- Open Access
Diagnostic heterogeneity in psychiatry: towards an empirical solution
BMC Medicinevolume 11, Article number: 201 (2013)
The launch of the 5th version of the Diagnostic and Statistical Manual of Mental Disorders (DSM-5) has sparked a debate about the current approach to psychiatric classification. The most basic and enduring problem of the DSM is that its classifications are heterogeneous clinical descriptions rather than valid diagnoses, which hampers scientific progress. Therefore, more homogeneous evidence-based diagnostic entities should be developed. To this end, data-driven techniques, such as latent class- and factor analyses, have already been widely applied. However, these techniques are insufficient to account for all relevant levels of heterogeneity, among real-life individuals. There is heterogeneity across persons (p:for example, subgroups), across symptoms (s:for example, symptom dimensions) and over time (t:for example, course-trajectories) and these cannot be regarded separately. Psychiatry should upgrade to techniques that can analyze multi-mode (p-by-s-by-t) data and can incorporate all of these levels at the same time to identify optimal homogeneous subgroups (for example, groups with similar profiles/connectivity of symptomatology and similar course). For these purposes, Multimode Principal Component Analysis and (Mixture)-Graphical Modeling may be promising techniques.
With the launch of the fifth version of the Diagnostic and Statistical Manual of Mental Disorders (DSM-5), the debate about current psychiatric diagnostics has come into the limelight again, focusing on specific alterations in the DSM-5, such as the deletion of pervasive developmental disorder not otherwise specified (PDD-NOS) and Asperger’s Disorder [1, 2] and the inclusion of mourning in major depressive disorder (MDD). However, more fundamental topics,such as the medicalization of normal behavior  and the categorical approach to continuous phenomena, are also debated . Perhaps the most important criticism of the DSM-5 regards the poor validity of its classification. Several researchers have even stressed that the DSM-5 hampers research into the underlying mechanisms in the etiology of psychopathology and that the current state of affairs is one of scientific stagnation . We argue that the development of more valid psychiatric classifications is important in order to link mental states to specific causes in scientific research, and that this process should be evidence-based. Decreasing the amount of diagnostic heterogeneity is central in this process.
The problem of diagnostic heterogeneity
Current psychopathological concepts are heterogeneous by default whichrestricts their usefulness for research [6, 7]. In the past, evidence-based attempts to decrease heterogeneity have been made. For depression, for instance, subtypes have been identified with latent class analyses (LCA) [8, 9], symptom-dimensions with factor analyses (FA) [10, 11] and course-trajectory groups with mixture growth analyses (MGA) [12, 13]. Unfortunately, these studies tackle only one aspect of heterogeneity at a time. LCA focuses on person (p)-level heterogeneity, but does not account for within-class symptom and course variations. FA tackles symptom (s)-level heterogeneity, but assumes stability across persons and time. MGA describes temporal (t) heterogeneity, but does not account for s-level heterogeneity. Not surprisingly, these approaches have led to artificial models with limited replicability .

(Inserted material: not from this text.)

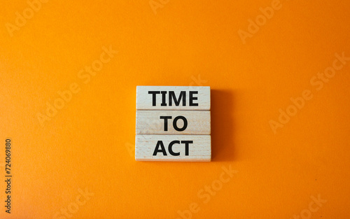 Time to Act symbol. Wooden blocks with words Time to Act. Beautiful orange background. Business and Time to Act concept. Copy space.

The solution: simultaneous heterogeneity reduction
If homogeneous diagnoses are what psychiatry aims for, a data-driven approach should be designed to minimize heterogeneity on each level simultaneously. To enable reduction of p-, s- and t-level heterogeneity, three-mode data are needed, visualized by Cattell’s data cube  (Figure 1A). The cube consists of measured data (s-axis) for n individuals (p-axis) at k time-points (t-axis). For each combination of axes (slices), different statistical techniques apply. Cross-sectional studies of heterogeneity apply to the p-by-s slice: LCA divides the p-axis into classes (Figure 1B) and FA divides the s-axis into factors (Figure 1C). To model heterogeneity of the whole slice, model combinations (for example,factor mixture models)  can be used. Longitudinal studies of heterogeneity (for example, MGA) apply to the p-by-t slice, modeling classes-based temporal trajectories on one or more variables (Figure 1D). Although incomplete, this summary shows that none of these models incorporate all three sources of variation. If we look to other fields (for example, psychometrics, mathematics), we can see that statistical advances have reached the point where ‘three-dimensional models’ are a possibility. Here, we briefly discuss two candidates.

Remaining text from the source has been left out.